Der Oberstudienrat hatte die jugendlichen Täter selbst mit dem Auto in sein Einfamilienhaus nach Rahnsdorf gefahren. Er soll die Schüler kurz zuvor in einer Bar in Schöneberg kennen gelernt und ihnen Geld für Sex angeboten haben.

Der Oberstudienrat hatte die jugendlichen Täter selbst mit dem Auto in sein Einfamilienhaus nach Rahnsdorf gefahren. Er soll die Schüler kurz zuvor in einer Bar in Schöneberg kennen gelernt und ihnen Geld für Sex angeboten haben. Der Abend endete tödlich für den 47-Jährigen: Joachim K. starb am 11. Mai vergangenen Jahres nach mehreren Messerstichen in den Oberkörper. Heute beginnt vor der 9. Großen Strafkammer des Landgerichts der Prozess gegen seine mutmaßlichen Mörder.

Auf der Anklagebank werden der Libanese Kassem K., der Bosnier Behudin B. und der Türke Xhevat S. sitzen. Kassem ist 17, die beiden anderen Schüler sind erst 16 Jahre alt. Die Jungs kennen sich vom Kiez, sagte einer der Anwälte. Sie feierten viel. Auch am 11. Mai. Aber dann ging ihnen das Geld aus. „Übereinstimmend kam man auf die Idee, einen Diebstahl zu begehen“, sagte Rechtsanwalt Bernd Kubacki. Weil die Feier weitergehen sollte.

Kubacki vertritt Behudin B. Der Bosnier sei jener gewesen, für den sich das spätere Opfer besonders interessiert habe. „Mein Mandant ist fast noch ein Kind, sehr religiös und streng erzogen“, sagt der Anwalt. „Homosexualität kannte er gar nicht. Er ließ sich überreden.“ Es sei vereinbart gewesen, schnell ein paar Wertgegenstände zu stehlen und dann abzuhauen.

Es kam ganz anders. Als sich der Lehrer dem 16-jährigen Behudin B. sexuell nähern wollte, sollen ihn die beiden anderen hinterrücks angegriffen haben. Sie schlugen ihm eine schwere Glasschale über den Kopf. Einer der Schüler holte laut Anklage ein Küchenmesser, ein anderer soll mit einem Gürtel zugeschlagen haben. Der Mathe- und Physiklehrer muss sich verzweifelt gegen die Angreifer gewehrt haben. Fast im gesamten Haus waren die Spuren des Kampfes zu finden. Etwa zehn Minuten lang soll die äußerst brutale Szene gedauert haben. Behudin will aber nicht zugestochen haben, sagte sein Anwalt.

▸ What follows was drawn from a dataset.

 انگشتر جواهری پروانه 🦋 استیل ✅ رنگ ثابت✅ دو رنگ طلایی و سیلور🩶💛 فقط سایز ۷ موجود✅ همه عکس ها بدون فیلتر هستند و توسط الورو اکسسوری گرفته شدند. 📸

Als ihr Opfer tot war, raubten die Täter unter anderem die Autoschlüssel und rasten mit dem Audi A 4 von Joachim K. davon. Weil sie den Zaun an der Grundstücksausfahrt und einen Baum rammten, wurden Nachbarn aufmerksam. Die sofort alarmierte Polizei fand im Haus die Leiche. Das Auto wurde einen Tag später in Biesdorf entdeckt. Der Mord aber war der Polizei zunächst ein Rätsel. Joachim K. war seit mehreren Jahren geschieden und lebte sehr zurückgezogen. Besuch bekam er selten, nur sein 14-jähriger Sohn kam hin und wieder. Auch in der Treptower Schule, in der er unterrichtete, wusste man kaum etwas über sein Privatleben.

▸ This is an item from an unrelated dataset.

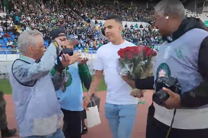 وتوحّدت مدرجات "استاد محمد الخامس" في التصفيق لابن الـ26 عاما، والهتاف باسمه، كما قام رحيمي بدوره بإهدائها باقةً من الورود.

Auf die drei Schüler, die vor der Tat keine Verbindung zu dem Lehrer oder zu dessen Schule hatten, kamen die Ermittler durch Spuren am Tatort. Zwei der Jugendlichen waren der Polizei bereits wegen Eigentumsdelikten bekannt. Warum blieb es nicht bei einem Raub, warum musste der Lehrer sterben? Gab es einen Tatplan? Im Ermittlungsverfahren haben sich zwei der Schüler gegenseitig belastet, der dritte schwieg bislang.

Die Staatsanwaltschaft geht von vier Mordmerkmalen aus. Heimtückisch, aus niederen Beweggründen, aus Habgier und zur Verdeckung einer Straftat hätten die Schüler ihr Opfer umgebracht. Im Falle einer Verurteilung müssen sie mit Jugendstrafen bis zu zehn Jahren rechnen. Für den Prozess, der wegen des Alters der Angeklagten unter Ausschluss der Öffentlichkeit laufen wird, hat das Gericht bislang acht Verhandlungstage terminiert.